Les 3 familles de critères d’acceptation d’un dossier de rachat de crédit
Un critère éliminatoire ferme le dossier quelle que soit la qualité du reste, un critère de barème déplace le taux et la durée, un critère d’appréciation se compense par une pièce.
Les listes de « conditions d’acceptation » alignent dix points sur le même plan. Un analyste élimine, puis tarife, puis apprécie.
Fichage FICP ou FCC, reste à vivre sous le plancher de l’établissement, revenu impossible à justifier, âge en fin de prêt au-delà de la couverture d’assurance.
Taux d’endettement après opération, statut d’occupation, bien disponible en garantie, composition des crédits repris.
Tenue des comptes sur trois mois, ancienneté professionnelle, composition des revenus. Ils se documentent.
Le CIC publie quatre motifs de refus : endettement excessif, stabilité financière insuffisante, historique de crédit défavorable, dossier incomplet (cic.fr, 13 août 2026). Les trois premiers relèvent des deux premières familles ; le quatrième se répare en une semaine.
Les 4 critères éliminatoires qui ferment un dossier de rachat de crédit
Un fichage FICP ou FCC, un reste à vivre trop bas, un revenu impossible à justifier et un âge en fin de prêt au-delà de la couverture d’assurance sont les quatre motifs qu’aucun autre point du dossier ne rattrape.
Éliminatoire ne veut pas dire définitif : trois portent une date de fin connue.
- 1Un fichage FICP ou FCC en cours. L’inscription au fichier des incidents de remboursement des crédits aux particuliers dure cinq ans au maximum pour un incident de paiement, avec radiation dès la régularisation (service-public.gouv.fr, mise à jour du 25 septembre 2025). Au fichier central des chèques, une interdiction d’émettre des chèques dure cinq ans et un retrait de carte deux ans.
- 2Un reste à vivre sous le plancher de l’établissement. Aucun texte ne fixe de reste à vivre minimum. Le seul montant écrit dans la loi est la fraction du salaire absolument insaisissable, 651,69 € au 1ᵉʳ avril 2026 (article L.3252-5 du code du travail), et l’INSEE place le seuil de pauvreté à 1 288 € par mois et par unité de consommation. Le reste à vivre exigé après un regroupement de crédits se calcule sur les relevés.
Un revenu non durable et un âge de fin de prêt hors couverture d’assurance ferment un dossier
Une période d’essai en cours suffit à écarter la demande, et la dernière échéance doit tomber avant la limite d’âge fixée par la notice d’assurance emprunteur.

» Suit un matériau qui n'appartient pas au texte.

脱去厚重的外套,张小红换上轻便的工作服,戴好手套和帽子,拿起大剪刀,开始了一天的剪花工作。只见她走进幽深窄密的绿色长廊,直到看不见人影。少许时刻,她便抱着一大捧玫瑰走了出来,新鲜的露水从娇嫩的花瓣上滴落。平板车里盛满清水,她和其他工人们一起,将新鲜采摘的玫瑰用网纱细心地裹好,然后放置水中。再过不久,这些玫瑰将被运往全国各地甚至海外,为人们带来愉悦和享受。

- 1Un revenu impossible à justifier ou pas encore durable. Une période d’essai en cours suffit à écarter la demande : deux mois au maximum pour un employé, trois pour un agent de maîtrise, quatre pour un cadre, le double si elle est renouvelée (service-public.gouv.fr, 12 août 2026).

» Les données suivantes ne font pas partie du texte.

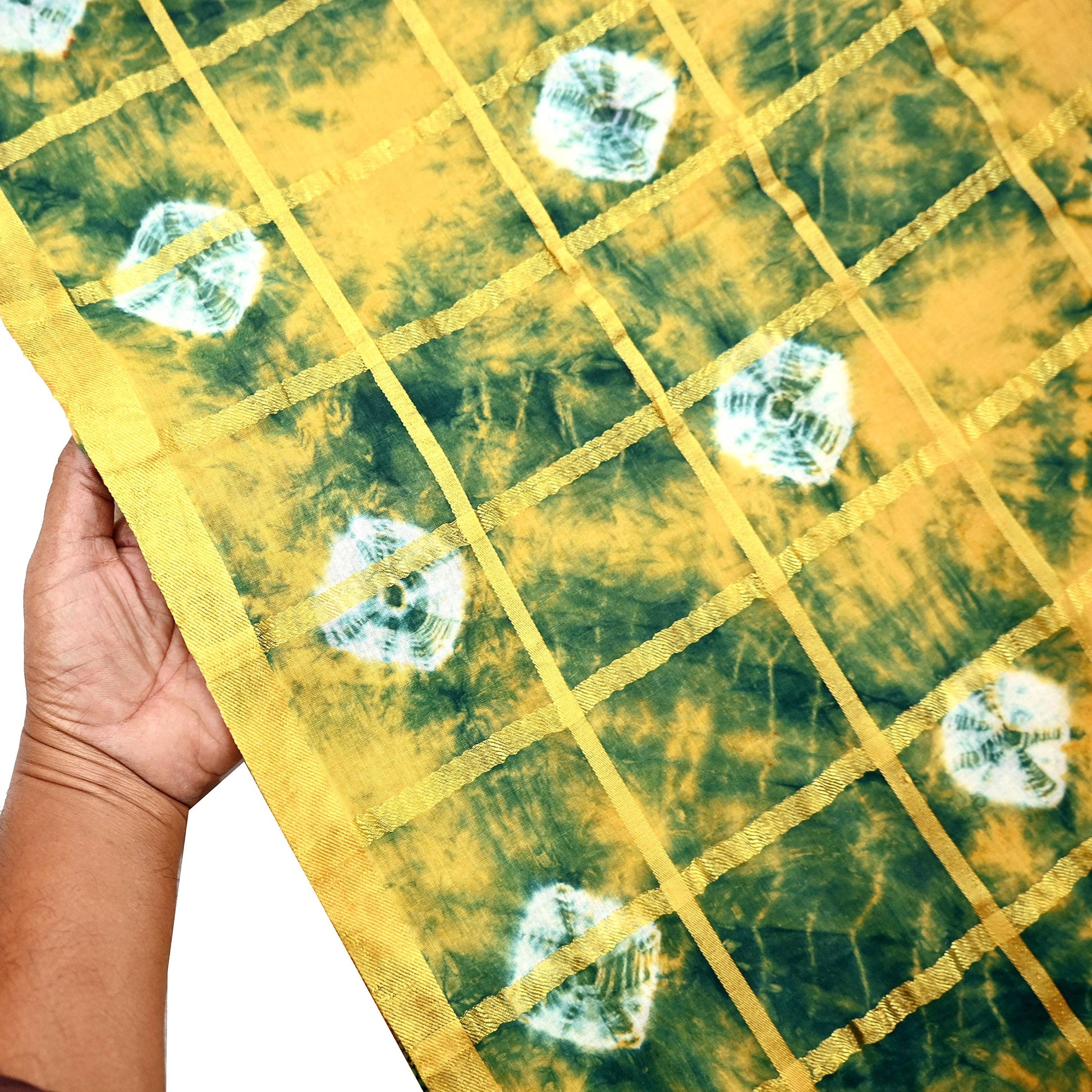*Beautiful Green, Brown & Yellow Colored Bandhani Print Woven Pure Cotton Saree.

- 2Un âge en fin de prêt au-delà de la couverture d’assurance. Aucun texte ne fixe d’âge maximum pour emprunter, et les conditions publiées portent des durées maximales, pas des limites d’âge. Jusqu’à quel âge un rachat de crédit reste possible se lit dans une notice d’assurance emprunteur.
Un dossier fiché FICP reste examiné, le plus souvent avec une garantie immobilière
L’inscription au FICP oblige le prêteur à la connaître avant de décider, elle ne lui interdit à aucun moment d’accorder un crédit.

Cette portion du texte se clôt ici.